How is intravenous anesthesia done?
Carrying out intravenous anesthesia is a simple, from a technical point of view, procedure that gives an almost immediate effect. The patient falls asleep calmly, bypassing the stage of excitement. But such anesthesia does not provide complete muscle relaxation, which increases the risk of overdose. One dose of the drug turns off the patient's consciousness for about 20 minutes, so if the surgery lasts longer, then an additional dose is required. Typically, for long operations, intravenous anesthesia is used in combination with inhalational anesthesia in order to initially calmly immerse the patient in an unconscious state without the stage of excitement.
Preparing for intravenous anesthesia
Before administering anesthesia, the patient must be prepared. In order for the anesthesia to be of high quality and without consequences, the following measures must be taken:
- conversation with the patient about how the procedure will take place (if any questions arise, it is better to clarify all points in advance);
- for a certain period of time before the operation, the patient is limited in the consumption of food and drinks;
- hygienic procedures (sometimes a cleansing enema, at the request of the doctor);
- premedication on the eve of the intervention is carried out to reduce the patient’s anxiety and reduce the likelihood of allergic reactions.
Classification of intravenous anesthesia
There are 3 types of this type of anesthesia, each with its own characteristics:
- Central analgesia is produced by administering a combination of narcotic analgesics; it provides a good degree of pain relief, but at high doses respiratory depression occurs, so the use of mechanical ventilation is often required.
- Neuroleptanalgesia provides neurovegetative inhibition, loss of pain sensitivity and psychological peace, but the patient is conscious.
- Ataralgesia is usually used as a component of combined anesthesia, based on the use of analgesics in combination with tranquilizers.
Depending on the type of surgery, the patient’s condition and some other factors, a certain type of intravenous anesthesia is used.

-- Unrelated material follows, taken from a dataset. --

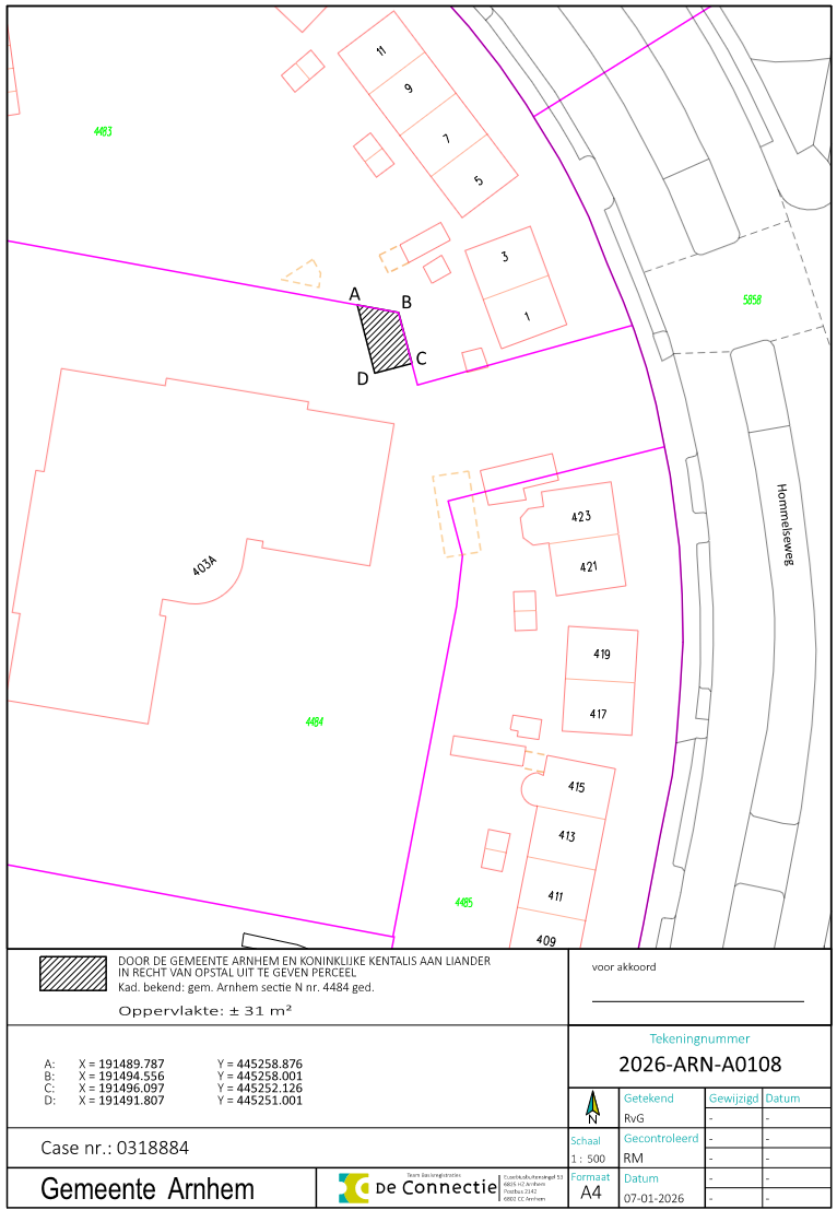 Liander N.V. is voornemens om op het schoolterrein van Kentalis aan de Hommelseweg 403A te Arnhem, kadastraal bekend gemeente Arnhem, sectie N nummer 4484 (gedeeltelijk perceel), een middenspanningsruimte (hierna: MSR) te realiseren ten behoeve van de stroomvoorziening van het omliggende gebied. De gemeente Arnhem is economisch eigenaar van dit perceel.

Carrying out intravenous anesthesia
Intravenous anesthesia is carried out after completion of all preparatory measures, immediately before the start of surgery. The patient is placed on the operating table, a vein is punctured and an anesthetic drug is slowly injected. After administering the first 3-5 ml, pause for about 30 seconds, while observing the reaction and condition of the patient, then continue administering the drug until the ciliary reflex disappears. The consumption of anesthetic depends on many factors:
- patient weight;
- floor;
- age;
- general condition and nature of the underlying disease;
- size of fat depots;
- liver condition, etc.
The anesthesiologist calculates the dose of the drug in each case individually, having carefully studied the patient's medical history and condition.

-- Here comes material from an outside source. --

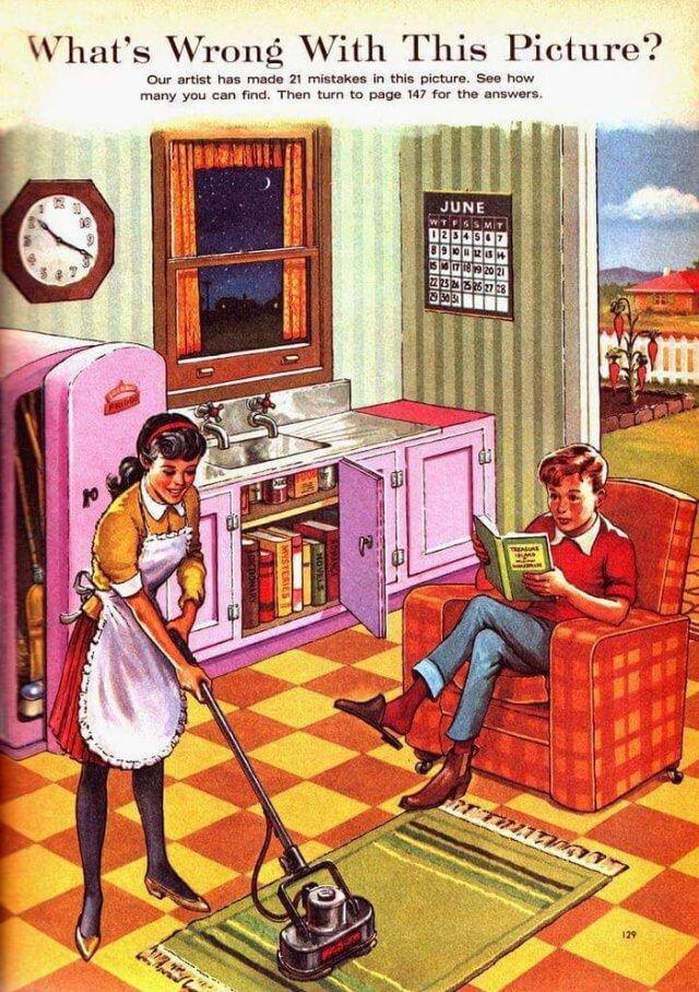 На картинке мы видим мирно обедающую семью. Папа, мама, пятеро детей. Однако, стоит присмотреться, сразу понимаешь: какие-то они подозрительные. Как будто инопланетяне прибыли на Землю в 50-х годах XX века и пытаются замаскироваться под местных. Изображение насчитывает минимум дюжину странностей, и я предлагаю вам их поискать. Это хороший тест на наблюдательность, прекрасная встряска для мозга, который точно проснется от изобилия «неправильного».

Throughout the anesthesia, the patient is constantly monitored and breathing, pulse rate, and blood pressure are monitored. After waking up the patient, the doctor must assess his condition: check his reflexes, make sure that the patient is conscious. Then the patient enters secondary sleep, which is why it is so important for the doctor to record the patient’s recovery from the state of anesthesia. During this period, dizziness, nausea, and vomiting may sometimes occur.